Maybe it’s really inevitable. Maybe you just lost the drive. Or you ran out of gas. For whatever reason, for whatever it’s worth, it’s okay to quit and stop.
Can I just tell you a story?
For the past few months, I felt sad for no apparent reason. Then I came across to this meme:
Looks I’m constantly assigned to mourn the death of a stranger. *cough* a good excuse *cough*
Yeah, I spent whatever free time I had going through memes and videos on Facebook just to ebb away this negative feelings inside of me. I really don’t know why I came to this point. Maybe I’m little bit tired. Because I work hard and strive hard for my goals like runners on steroids, or race cars on nitro boosters. Reservation and Ticketing Officer on weekdays, studied how to write better at night– did a lot of research, worked on character profiles, editing manuscript, and attending workshop on weekends– so I guess I got tired. I lost in the transition.
I even came up to idea that maybe it’s a time now for a career change. I want to quit. I really want to pack my bag and go somewhere else. Okay, I don’t mean to sound ungrateful to the good things had happened to me like from the exciting posts that you guys saw here and/or in my any social media sites but please keep in mind that there’s a lot of things go on behind the scenes you can’t see.
Anyway, I want to marinate in my sad state. I want to isolate myself from everyone– even if I’m kind of this person who always love to talk to people and I always check on friends– but not on that moment.
I felt like I’m trapped inside the darkest part of my mind. I’m drowning. I’m being submerged in dark waters, surrounding me. It’s stifling and choking me. And I can’t breathe. It seems like no matter how hard I try to kick and swim, I can’t get up.
I was so tired, so exhausted, so burnt out — at work, at my dreams, at life. I remembered I wanted to cry that night. I’m screaming in my mind.
“Lord, help. I can’t take it anymore.”
You know how in the movies, when someone is drowning and you feel as if it’s the end of the line for that character, you suddenly see a hand breaking through the dark waters to pull that person up?
It was like that for me. I don’t know know how it happened, exactly, but out of the water drowning me, I suddenly saw a hand reach out to me. I was out of there.

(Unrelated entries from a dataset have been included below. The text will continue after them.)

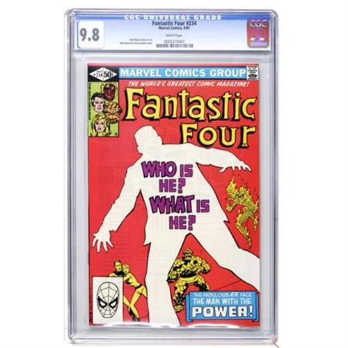 <B>Fantastic Four #234 (Marvel, 1981) CGC NM/MT 9.8 White pages.</B></I> John Byrne and Terry Austin cover. Byrne art. Overstreet 2007 NM- 9.2 value = $5. CGC census 8/07: 22 in 9.8, none higher.<BR><BR><b>Shipping:</b> Comics - Slabbed (certified) (<a target="_blank" href="http://www.heritageauctions.com/common/shipping.php">view shipping information</a>)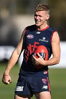 Wagner was drafted by the Melbourne Football Club with their first selection and sixth overall in the 2016 rookie draft.[8] He made his debut in the five-point loss to North Melbourne in round 3, 2016 at Blundstone Arena, where he recorded eight-disposals.[9] After a relatively quiet debut, he recorded twenty-four disposals, six marks, five tackles and two contested marks, at seventy-one percent disposal efficiency in his second match; he polled in the Channel 7 and The Age player of the year votes,[10] and he was named as one of Melbourne's best players by AFL Media and The Age.[11][12] He played a consecutive eleven matches before succumbing to a knee injury and he missed the round 15 and 16 matches against Adelaide at the Melbourne Cricket Ground and Fremantle at TIO Stadium respectively.[13][14] He was recalled to the senior side for the round 17 match against St Kilda at Etihad Stadium.[15] He played the next two games before being rested for the round 20 match against Hawthorn at the Melbourne Cricket Ground.[16] He played the remainder of the season in the Victorian Football League (VFL) for Melbourne's affiliate team, the Casey Scorpions,[17] finishing with fourteen AFL matches for the season and a fourteenth place finish in Melbourne's best and fairest count.[18] After spending the season on the rookie list, he was promoted to the senior list in October along with a two-year contract.[19]
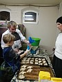 После трапезы были организованы практические занятия по приготовлению бездрожжевого хлеба, изделий из слоеного теста и даже ухи на костре: ведь совместный труд сплачивает лучше всего. Обучали кулинарному искусству наш замечательный шеф-повар Максим Журавлёв и заражающая всех своей жизнеутверждающей энергией и неиссякаемым задором Нина Николаевна Иванова-Гурьянова. Самым юным и, на удивление, самым активным оказался Артём Степанов: он с большим вниманием и усердием сумел поучиться у всех наших поваров, и во всех блюдах осталась частичка его детской горящей души.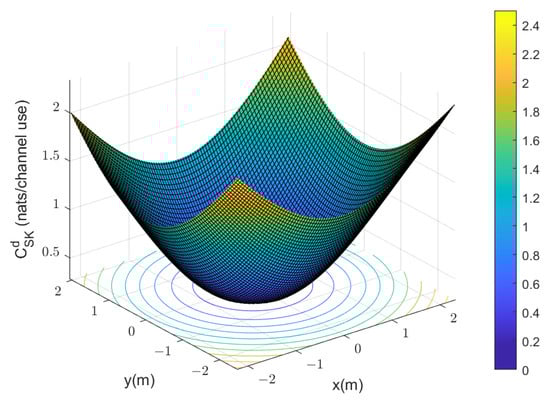 Figure 3 presents the achievable secret key rate (see (13)) against the location of the eavesdropper on the receiving plane. Bob is located at the center of the receiving plane, the optical power of the LED is 1 W, and the average electrical noise power is dBm. The figure demonstrates several interesting phenomena. First, the further away Eve is from Bob, the larger the achievable secret key rate is, especially when Eve moves into the corner, when it reaches to a maximum secret key rate of 2.44 nats per channel use. Furthermore, even in the worst-case scenario where Eve occupies the central position (with channel conditions matching Bob’s), it still yields a positive achievable secret key rate of 0.17 nats per channel use as theoretically anticipated (see (13)), which demonstrates the robustness of the secret key scheme.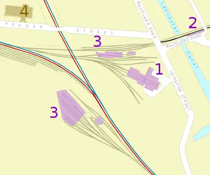 Maudland Bridge railway station was once the Preston terminus of the Longridge Branch Line, in Lancashire, England. It was located on Maudland Road, between a bridge over the Lancaster Canal and Cold Bath Street. The Maudlands district of Preston gets its name from the medieval St. Mary Magdalen's leper hospital, which once stood near the present-day St Walburge's Church.[2]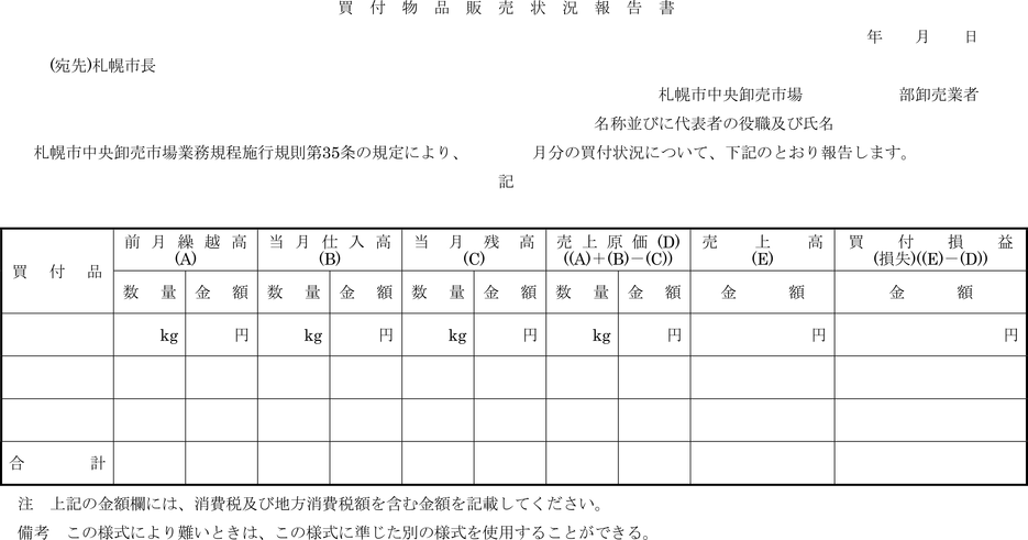 業務規程第12条の4第2項の規定による財産の状況を記載した書類の提出は、卸売業者の財産の状況が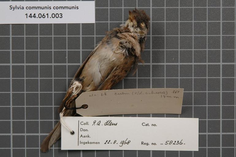 | Keywords: Naturalis Biodiversity Center - RMNH.AVES.58236 2 - Sylvia communis communis Latham, 1787 - Sylviidae - bird skin specimen.jpeg  artwork Dimensions artwork Document type Sylviidae Sylvia Individual count 1 Infraspecific epithet communis Infraspecific rank Institution Naturalis Kind of unit artwork Kind of unit specimen skin Life stage Portugal bij Setubal Z v Lissabon Medium artwork Nomenclatural code Occurrence ID page Other fields Other versions artwork Permission license Naturalis donation CC-0 Publication location Scientific name Sylvia communis communis Latham 1787 Scientific name authorship Latham 1787 male Source url http //bioportal naturalis nl Specific epithet communis State or province Subject keywords artwork Subject keywords publication Title artwork Title publication Type status Uploaded with GWToolset Naturalis_Biodiversity_Center_-_RMNH AVES 58236_2_-_Sylvia_communis_communis_Latham _1787_-_Sylviidae_-_bird_skin_specimen http //medialib naturalis nl/file/id/RMNH AVES 58236_2/format/large Media donated by Naturalis Biodiversity Center Songbird specimens at Naturalis Biodiversity Center Sylvia communis Sylvia |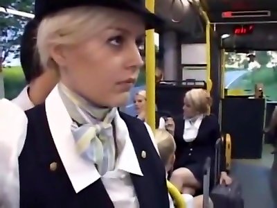 Huge-boobed stewardess gives hand-job on bus, takes cumshot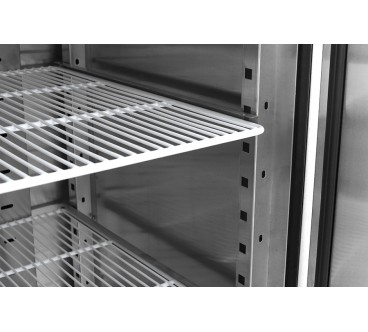 Asegura la frescura, calidad y el almacenamiento seguro de tus productos con este armario frigorífico profesional de doble puerta, una inversión esencial para la eficiencia y rentabilidad de tu cocina.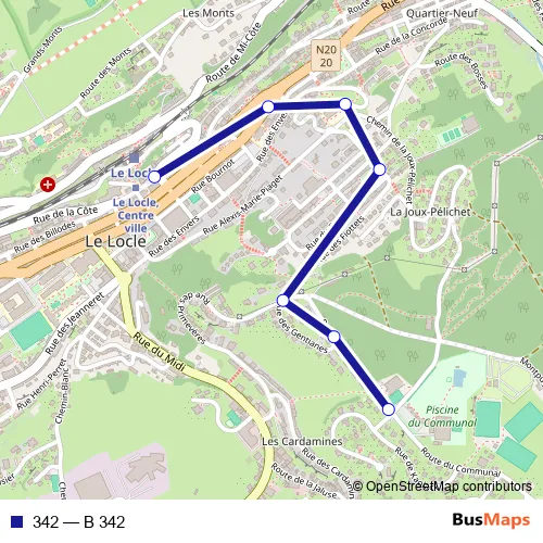 See why over 2 million users trust and consider busmaps.com as the best public transport website. busmaps gives you Le Locle Buses suggested routes, real-time bus tracker, line route maps in Le Locle, and helps to find the closest 342 bus stops near you. No internet available? Download an offline PDF map and bus schedule for the 342 bus to take on your trip.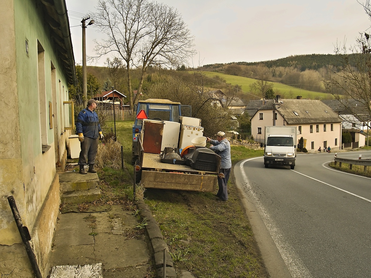 V sobotu 22. března 2014 začaly první práce na likvidaci domku čp. 46 v zatáčce pod kostelem, resp. pod márnicí. Poslední nájemníci jej opustili na podzim, nechali na něm dluh, takže domek - jestli se tomu ještě pořád dá takhle říkat - šel do dražby. Aby se nestal předmětem spekulací různých vykutálených individuí, kteří něco takového koupí, vyklopí na stěny kýbl vápna a nabídnou to jako ubytovnu pro sociálně slabší občany, kteří ovšem velice dobře ví, jak dosáhnout na všelijaké podpory včetně nemalého příspěvku na bydlení, který bez hnutí brvy inkasuje majitel nemovitosti, rozhodlo zastupitelstvo domek v dražbě zakoupit a zbourat. Obecní kasu to stálo 100 tisíc za dražbu, pár tisícovek bude ještě stát zbourání stavby (o lidské práci nemluvě), jisté je ale jedno - žádní podivní lidé se - alespoň na tomto místě - občany Loučimi nestanou!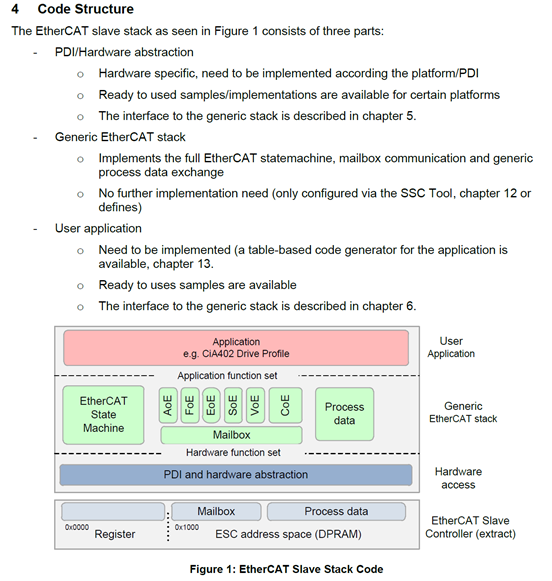 关于Ecat的代码,SSC TOOL的官方文件写的很好,详细讲解了Ecat的原理,代码架构,处理流程,CIA402的格式等,非常值得从头到尾看一遍学习。文件名是AN_ET9300_V1i10.pdf。(因为不确定是否需要版权才能使用,所以文档就不附上了)。

Kim, I’m just waiting for you to come back. I’m just waiting for you to call me. You don’t need to be fear and worry for I am your God. Trust.

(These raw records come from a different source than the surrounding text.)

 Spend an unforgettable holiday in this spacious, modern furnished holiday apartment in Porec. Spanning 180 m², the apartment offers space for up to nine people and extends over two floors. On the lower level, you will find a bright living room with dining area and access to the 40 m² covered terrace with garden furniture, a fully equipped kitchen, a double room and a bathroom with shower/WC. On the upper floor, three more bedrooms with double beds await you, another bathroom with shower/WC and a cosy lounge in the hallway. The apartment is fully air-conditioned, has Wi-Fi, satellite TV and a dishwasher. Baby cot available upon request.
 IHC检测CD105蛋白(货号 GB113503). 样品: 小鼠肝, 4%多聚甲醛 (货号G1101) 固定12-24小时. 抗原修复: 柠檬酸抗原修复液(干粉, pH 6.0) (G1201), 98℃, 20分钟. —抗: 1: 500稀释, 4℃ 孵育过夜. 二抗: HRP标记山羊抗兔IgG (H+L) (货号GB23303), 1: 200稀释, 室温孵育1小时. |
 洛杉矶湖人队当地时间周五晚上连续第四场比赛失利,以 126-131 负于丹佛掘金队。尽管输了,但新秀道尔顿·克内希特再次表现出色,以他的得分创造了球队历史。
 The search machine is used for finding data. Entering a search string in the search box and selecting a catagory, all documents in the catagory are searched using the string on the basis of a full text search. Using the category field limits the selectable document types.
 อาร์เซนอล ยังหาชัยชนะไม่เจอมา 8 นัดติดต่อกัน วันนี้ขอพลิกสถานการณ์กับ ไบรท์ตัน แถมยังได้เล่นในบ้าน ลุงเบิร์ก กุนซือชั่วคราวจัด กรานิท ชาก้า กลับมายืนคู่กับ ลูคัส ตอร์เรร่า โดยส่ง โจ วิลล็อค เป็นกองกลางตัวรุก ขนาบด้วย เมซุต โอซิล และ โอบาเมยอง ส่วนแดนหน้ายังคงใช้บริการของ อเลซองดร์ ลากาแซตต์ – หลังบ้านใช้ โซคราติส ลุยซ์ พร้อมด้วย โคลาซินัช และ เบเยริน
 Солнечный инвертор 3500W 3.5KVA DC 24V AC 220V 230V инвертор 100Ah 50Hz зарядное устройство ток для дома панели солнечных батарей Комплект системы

(Maybe I’m imagining things. But my faith stands. It was God.)
And it hit me hard. Maybe I just went away from HIM. Though, it’s not like I left God or broke ties with HIM. But yes, my prayers were dry. My spiritual life was dry. My relationship with God was dry.

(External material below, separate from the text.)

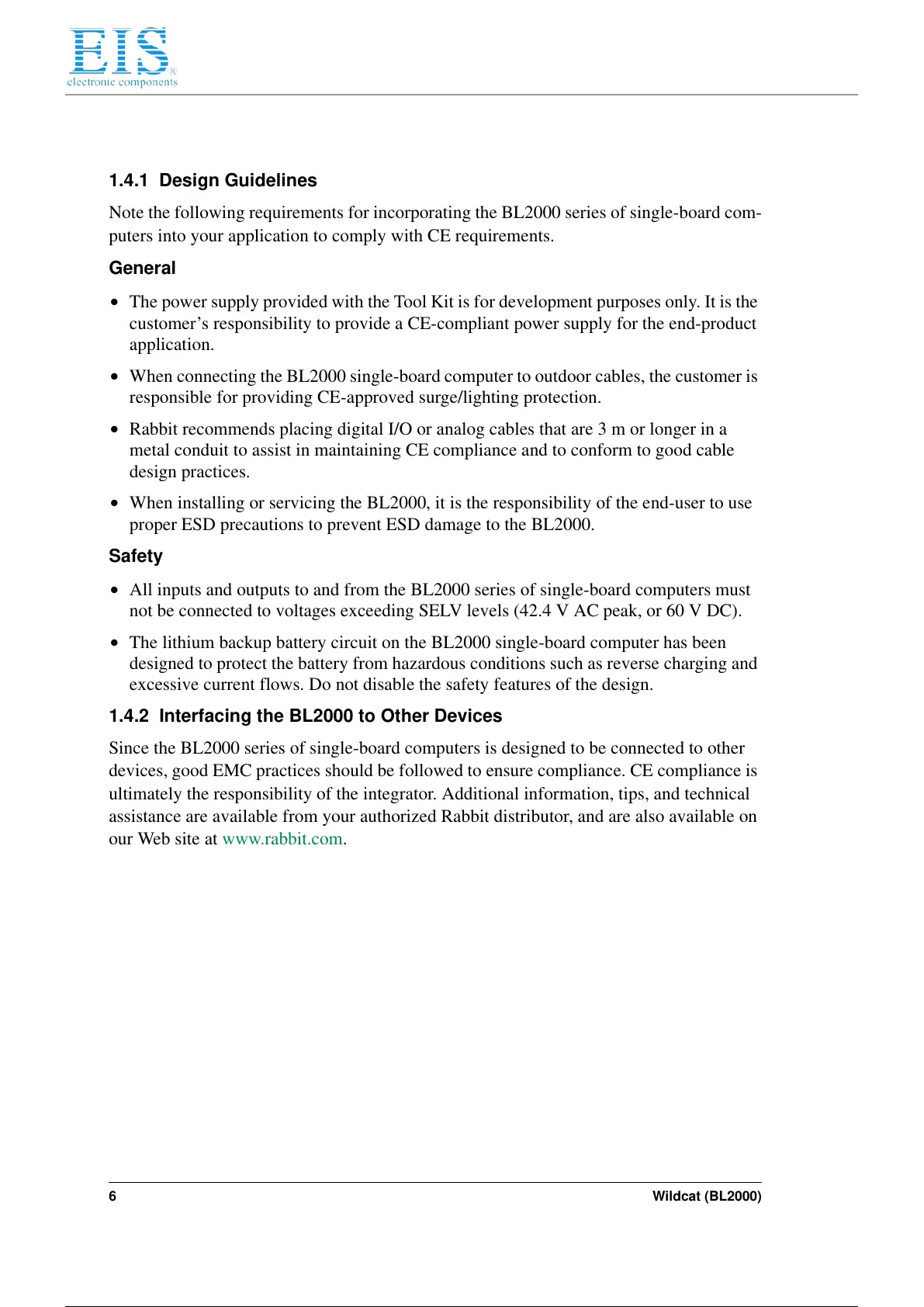 • All inputs and outputs to and from the BL2000 series of single-board computers must

So I went back. I repair my relationship with the Lord. I surrendered everything to HIM. On the next day, it didn’t miraculously become inspired me or what. But I felt ease and calm. It changed my heart. It seems like the big waves has passed and sea became calm once again.
Friend, If you’re tired and you want to quit, and you’re being honest with yourself– you need to be honest. It’s okay.
If you failed. That’s okay. You learned anyway.
If you quit. That’s okay. You can always begin again, anyway.
If you got rejected. That’s okay. You can try again. And keep in mind that you’re not being rejected for something good, you’re being redirected to something better.
If you lost heart. That’s okay. You will find it again.
We all need to take a break, a breather. We all need that. Pause. Rest.
You can file a leave of absence from your work. Do travel– go on hiking or to the beach. You can binge watch your favorite Netflix show. You can take a break from any social media platform– I do this most of the time and it’d help me.
Just do anything would help you to find yourself. Brings you happiness, serenity and warm feelings. And help you to get back in the track.
You’re just going through the phase and you’d get out of it pretty soon. Just don’t be hard to yourself. Take the time you that needed.
I pray that you find in your heart and in your soul the peace that you’re looking for. I pray that you find it in your deepest core to muster up the strength to raise your head, open your lips, and cry unto God.